Find $\min \int_0^{x\arctan x}\frac{e^{t-\cos t}}{1+t^{2023}}\mathrm dt$

Question

Find the minimum value of : $$f(x) = \int_0^{x\arctan x}\frac{e^{t-\cos t}}{1+t^{2023}}\mathrm dt$$

Using FTC, we have ;

$$f'(x) = \frac{e^{x\arctan x - \cos (x\arctan x)}}{1+x\arctan x}.(\arctan x + \frac{x}{x^2 + 1})$$

For $f$ to be minimum, $f' = 0\implies\arctan x = -\frac{x}{x^2 + 1}$

However, I can't proceed further and don't find it much useful.

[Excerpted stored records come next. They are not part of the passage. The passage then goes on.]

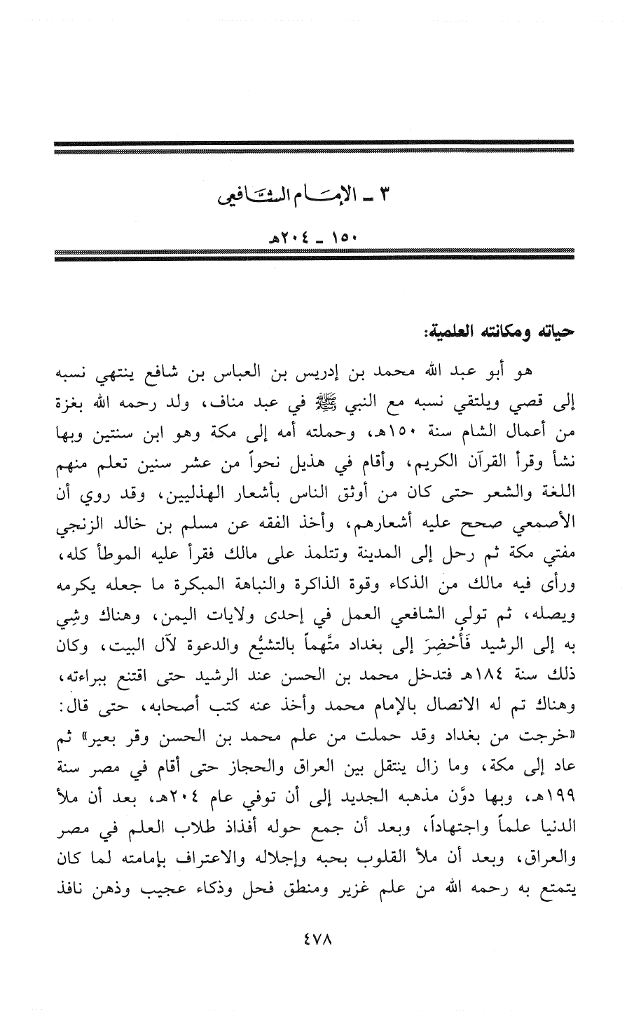 هو أبو عبد الله محمد بن إدريس بن العباس بن شافع ينتهي نسبه إلى قُصَيٍّ ويلتقي نسبه مع النَّبِيِّ - صَلََّى اللهُ عَلَيْهِ وَسَلَّمَ - في عبد مناف، ولد - رَحِمَهُ اللهُ - بِغَزَّةَ من أعمال الشام سنة 150 هـ، وحملته أمه إلى مكة وهو ابن سنتين وبها نشأ وقرأ القرآن الكريم، وأقام في هُذَيْلٍ نحواً من عشر سنين تعلم منهم اللغة والشعر حتى كان من أوثق الناس بأشعار الهذليين، وقد روي أن الأصمعي صَحَّحَ عليه أشعارهم، وأخذ الفقه عن مسلم بن خالد الزنجي مفتي مكة ثم رحل إلى المدينة وتتلمذ على مالك فقرأ عليه " المُوَطَّأ " كله، ورأى فيه مالك من الذكاء وقوة الذاكرة والنباهة المبكرة ما جعله يكرمه ويصله، ثم تولى الشافعي العمل في إحدى ولايات اليمن، وهناك وُشِيَ به إلى الرشيد فَأُحْضِرَ إلى بغداد مُتَّهَمًا بِالتَشَيُّعِ والدعوة لآل البيت، وكان ذلك سَنَةَ 184 هـ فتدخل محمد بن الحسن عند الرشيد حتى اقتنع ببراءته، وهناك تم له الاتصال بالإمام محمد وأخذ عنه كُتُبَ أصحابه، حتى قال: «خَرَجْتُ مِنْ بَغْدَادَ وَقَدْ حَمَلْتُ مِنْ عِلْمِ مُحَمَّدٍ بْنِ الحَسَنِ وَقْرَ بَعِيرٍ» ثم عاد إلى مكة، وما زال ينتقل بين العراق والحجاز حتى أقام في مصر سَنَةَ 199 هـ، وبها دَوَّنَ مذهبه الجديد إلى أن توفي عام 204 هـ، بعد أن ملأ الدنيا علماً وَاجْتِهَادًا، وبعد أن جمع حوله أفذاذ طلاب العلم في مصر والعراق، وبعد أن ملأ القلوب بحبه وإجلاله والاعتراف بإمامته لما كان يتمتع به - رَحِمَهُ اللهُ - من علم غزير ومنطق فحل وذكاء عجيب وذهن نافذ
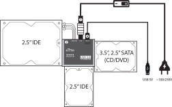 Conectarea simultană a unui dispozitiv SATA și a unui dispozitiv IDE accelerează transferul de date fără copiere pe discul intern al computerului. Alimentarea externă cu întrerupător asigură utilizarea în siguranță chiar și cu discuri mai mari de 3.5".
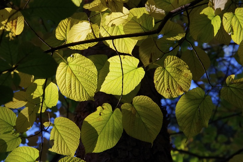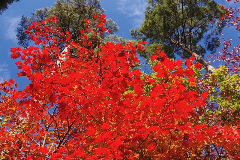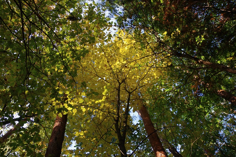 黄色く黄葉しているのはヤマウルシ。羽状複葉の葉が特徴です。下から見ると光が透過して明るく輝いて見えます。赤く紅葉する木も多く見られますよ。
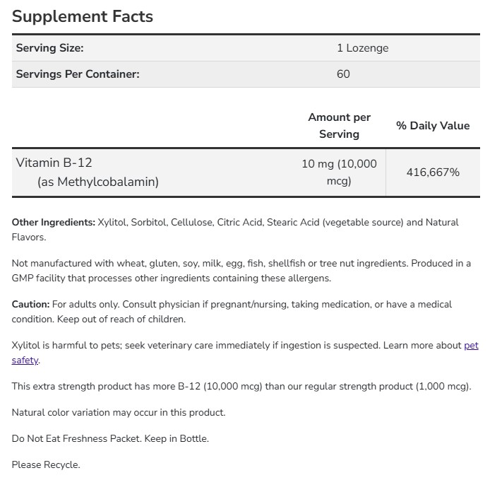 Витамин B12 (като метилкобаламин) е важен за нервите, мозъка и сърдечната система. Често е дефицитен при хора, които не ядат месо, имат проблеми с храносмилането или са под стрес. Тази форма на B12 се усвоява добре от тялото и действа бързо. Таблетките за смучене са лесни за прием и не е нужно да се преглъщат.

This question appeared today in my test (JEE) for which I had an average of 3.5 minutes to solve it. But in such short time, I am failing to find a short and elegant method.

Answer 1

Find the minimum value of :$$f(x)=\int_0^{x\arctan x}\frac{e^{t-\cos t}}{1+t^{2023}}\,\mathrm dt$$

Since $\;x\arctan x>0\;$ for any $\;x\neq0\;$ and $\;\dfrac{e^{t-\cos t}}{1+t^{2023}}>0\;$ for any $\;t\geqslant0\,,\;$ it follows that

$f(x)>0\;$ for any $\;x\neq0\,,\;$ hence

the minimum value of $\,f(x)\,$ is

$f(0)=0\,$.